According to a first embodiment, a natural language search query pertaining to a request for information may be received. The natural language search query might correspond to, for example, an inquiry or examination sent by a regulatory agency. The natural language search query may be searched in a database or other form of data storage. To that end, a set of documents may be accessed, where each document includes a document query and a document response. The document queries may represent, for instance, previous queries from regulatory entities, while the document response includes information pertinent to those queries, such as the response sent to the regulatory agency, explanatory or contextual notes, the identities of parties responsible for handling the response, etc.

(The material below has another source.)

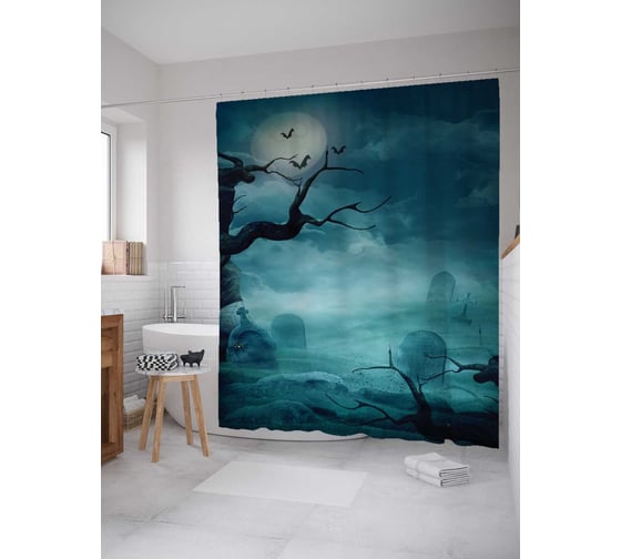 Штора (занавеска) для ванной JoyArty "Туманное полнолуние" из сатена, 180х200 см с крючками, sc_5902

Each document query from the set of documents may be embedded in an embedding space according to an embedding model. The embedding space may represent a mapping of the semantics of the document query to the embedding space, where semantically similar queries are mapped to similar locations in the embedding space. One example of an embedding model suitable for use with exemplary embodiments is a deep-learning based Sentence Bidirectional Encoder Representations from Transformers (S-BERT) model.
An embedding of the search query may be created using the embedding model. The embedding of the search query may be used to perform a semantic search on the embedding space to identify document queries that are semantically similar to the search query. At least one of the documents may be returned as a search result based on a proximity of the document query from the returned document to the search query in the embedding space.
By recording responses to previous inquiries as query/response pairs in the set of documents, previous responses to questions can be stored for quick access in the future. An entity may use the information submitted in previous responses as a starting point for a new response, potentially supplemented or updated with current information. This may allow such entities to respond faster, with more complete and accurate information than might otherwise be possible.
Because the document query and the search query are embedded in an embedding space according to an embedding model, semantically similar document queries can be identified without performing inexact keyword matching. This allows a greater breadth of more relevant information to be obtained.
Furthermore, because the system is model-based, different data sets can be swapped in without the need to perform retraining. Thus, the system becomes reusable across a wide variety of different data sets.
According to a second embodiment that may be used with any combination of the other embodiments, the request for information may be a request from a regulatory entity, and the set of documents may include previous responses to regulatory queries. Exemplary embodiments are particularly well-suited to archiving and searching for regulatory information, because such queries can be highly sensitive to context and semantics. Moreover, regulatory agencies often provide a limited amount of time to respond with detailed, up-to-date information. A reusable, semantic search like the one described herein can provide accurate and detailed responses for regulatory agencies where conventional methods would be limited by technological and human factors.
According to a third embodiment that may be used with any combination of the other embodiments, a plurality of documents may be returned as search results. The plurality of documents may be ranked based on the respective proximities of their respective document queries to the search query in the embedding space. The document queries from the plurality of documents may be submitted to a reranking model configured to rerank the document queries based on prior user feedback. The plurality of documents may be re-ranked based on the reranking model.
By adding a reranking model to the above-described embodiments, the system can be configured to respond to user feedback and thus improve its search results over time. For example, according to a fourth embodiment that may be used with any combination of the other embodiments, user feedback may be received for a selected search result, and the reranking model may be retrained based on the received user feedback.
According to a fifth embodiment that may be used with any combination of the other embodiments, the embedding model may be trained with labeled data, and an indexing model configured to perform the semantic search on the embedding space may also be trained. By using embedding and indexing models, the semantic search can become reusable—instead of providing a new system for each document set, different document sets can be provided to the embedding and indexing models. Moreover, by use of an indexing model, the system can be configured to search through very large document stores (even including million-to-billion scale datasets) more efficiently than might be possible with conventional search techniques such as a SQL query. One example of a suitable indexing model is the Facebook Artificial Intelligence Similarity Search (FAISS) provided by Meta Platforms Inc. of Menlo Park, California.
According to a sixth embodiment that may be used with any combination of the other embodiments, the set of documents may be a first set of documents and the semantic search may be a first semantic search. The first set of documents may be swapped for a second set of documents different from the first set of documents, and the indexing model may be applied to perform a second semantic search based on a new natural language search query. The sixth embodiment further demonstrates the reusability of the system's workflows (including, e.g., the use of the indexing model and embedding model) when deployed in new contexts.
According to a seventh embodiment that may be used with any combination of the other embodiments, the proximity of the document query from the returned document to the search query in the embedding space may be represented as a cosine similarity. The use of cosine similarity provides a relatively fast and accurate way to measure the semantic difference between two different embeddings in the embedding space.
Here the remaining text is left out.